» Problem details
The listing below should be printed in full and exactly, apart from its images.

» Supplied data
=== Begin Enclosure ===
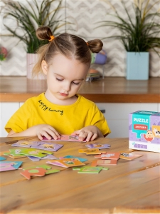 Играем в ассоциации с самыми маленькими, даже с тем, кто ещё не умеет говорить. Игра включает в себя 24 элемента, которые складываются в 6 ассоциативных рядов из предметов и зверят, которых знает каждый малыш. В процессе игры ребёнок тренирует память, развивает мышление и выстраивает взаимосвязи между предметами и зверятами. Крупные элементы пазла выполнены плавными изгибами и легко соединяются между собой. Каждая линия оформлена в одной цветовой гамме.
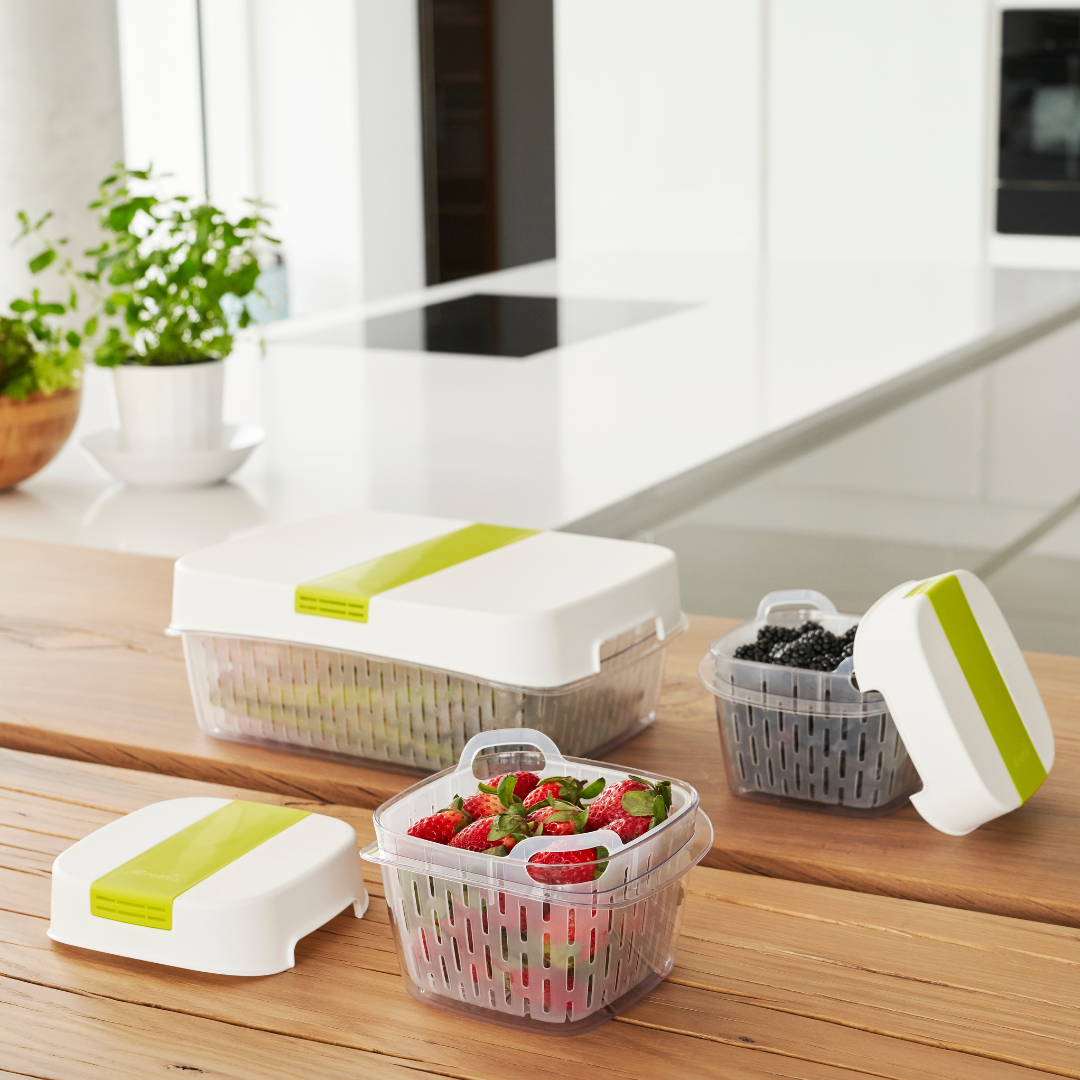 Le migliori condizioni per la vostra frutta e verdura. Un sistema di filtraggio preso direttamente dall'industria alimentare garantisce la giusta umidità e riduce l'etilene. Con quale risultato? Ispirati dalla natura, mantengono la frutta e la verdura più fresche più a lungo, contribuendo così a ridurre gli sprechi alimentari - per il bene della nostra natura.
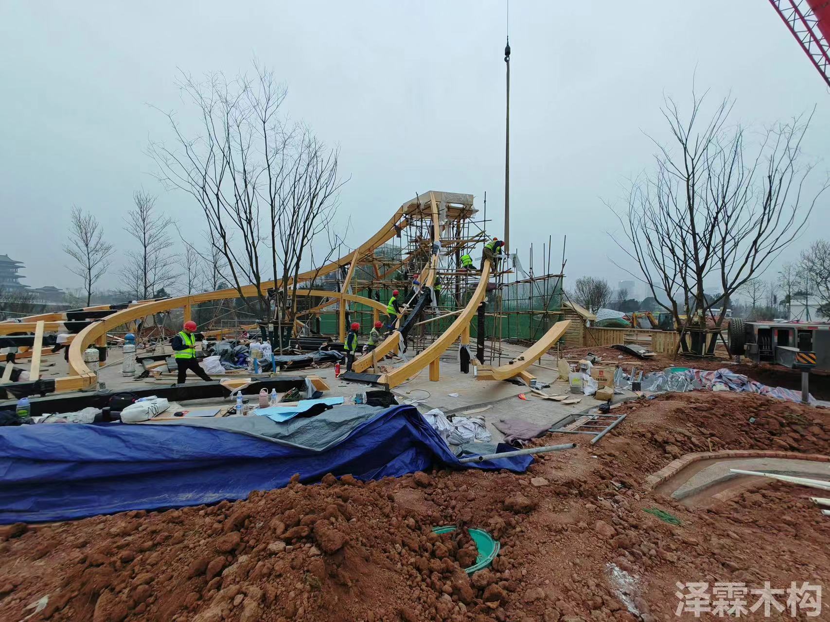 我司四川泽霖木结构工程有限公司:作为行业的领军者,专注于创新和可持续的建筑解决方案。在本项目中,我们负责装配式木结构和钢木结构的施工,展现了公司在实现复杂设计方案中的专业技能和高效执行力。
=== End Enclosure ===
» Expected answer
 Играем в ассоциации с самыми маленькими, даже с тем, кто ещё не умеет говорить. Игра включает в себя 24 элемента, которые складываются в 6 ассоциативных рядов из предметов и зверят, которых знает каждый малыш. В процессе игры ребёнок тренирует память, развивает мышление и выстраивает взаимосвязи между предметами и зверятами. Крупные элементы пазла выполнены плавными изгибами и легко соединяются между собой. Каждая линия оформлена в одной цветовой гамме.
 Le migliori condizioni per la vostra frutta e verdura. Un sistema di filtraggio preso direttamente dall'industria alimentare garantisce la giusta umidità e riduce l'etilene. Con quale risultato? Ispirati dalla natura, mantengono la frutta e la verdura più fresche più a lungo, contribuendo così a ridurre gli sprechi alimentari - per il bene della nostra natura.
 我司四川泽霖木结构工程有限公司:作为行业的领军者,专注于创新和可持续的建筑解决方案。在本项目中,我们负责装配式木结构和钢木结构的施工,展现了公司在实现复杂设计方案中的专业技能和高效执行力。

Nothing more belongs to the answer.